What to do: When you reach the line with "Figure 6: RFDS Outback Car – 2023 and 2024", transcribe it and each line after it through the last one below, exactly. Pictures stay out.

Provided data:
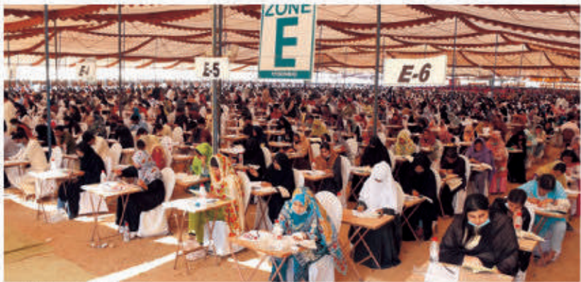
JAMSHORO: Large number of students solving the question paper during the Medical and Dental College Admission Test (MDCAT) held at LUMHS.

due to a slowdown in economic growth. Our bank is currently facing market risks, capital adequacy risks, credit risks, and liquidity risks due to changes in market variables such as high interest rates, foreign exchange volatility, dwindling stocks and high commodity prices. Q: How does political uncertainty affect the investment environment in the country? A: Political stability is a prerequisite for an economy to grow sustainably and restore investors' confidence to put their money in it. There must be a stable political environment in the country so that investors can be assured that their investments would be protected. Political instability can negatively impact the economy/equity market, thus resulting in decreased profitability. Q: Why are banks' profits dwindling? What possible steps can banks take to offset the crunch? A: Heavy taxation has dwindled the net profits of the smaller banks though their before-tax margins are fine. However, creating new deposit products and increasing the current product. INP
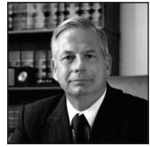
Rep. Gene Green (D-TX)
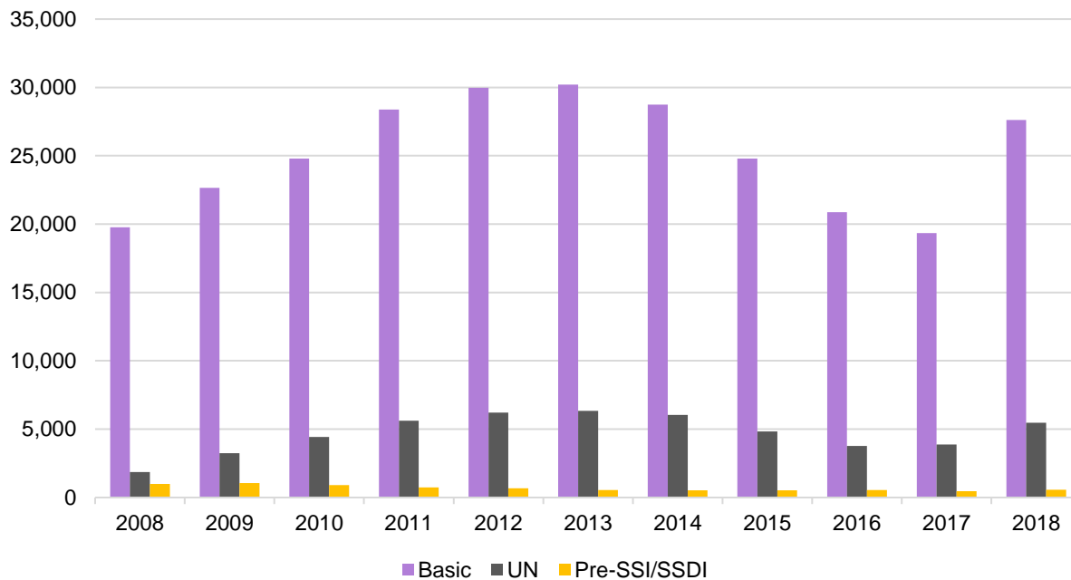
Figure 2. TANF Caseloads in Oregon, 2008 - 2018

Source: Legislative Policy and Research Office
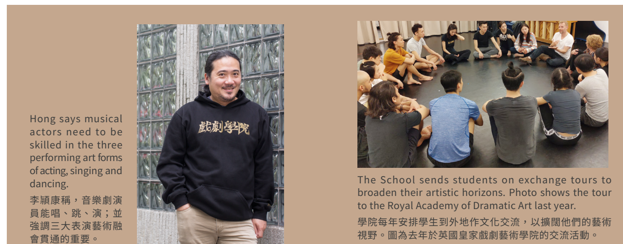
The School sends students on exchange tours to broaden their artistic horizons. Photo shows the tour to the Royal Academy of Dramatic Art last year.
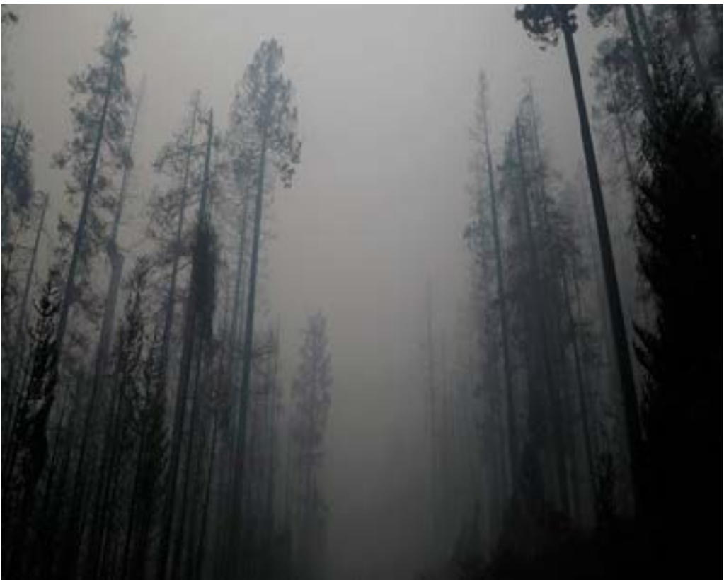
A tree blocks the road as the remains of fire damaged trees stand while smoke billows in the aftermath of the Beachie Creek fire near Detroit, Oregon.
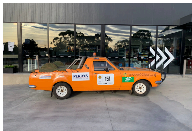
Figure 6: RFDS Outback Car – 2023 and 2024
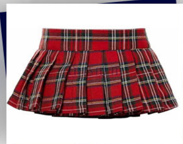
Checked Girls Box Pleat School Skirt
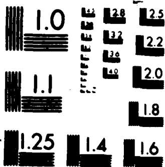
XERO COPY RESOLUTION TEST CHART

Answer box:
Figure 6: RFDS Outback Car – 2023 and 2024
Checked Girls Box Pleat School Skirt
XERO COPY RESOLUTION TEST CHART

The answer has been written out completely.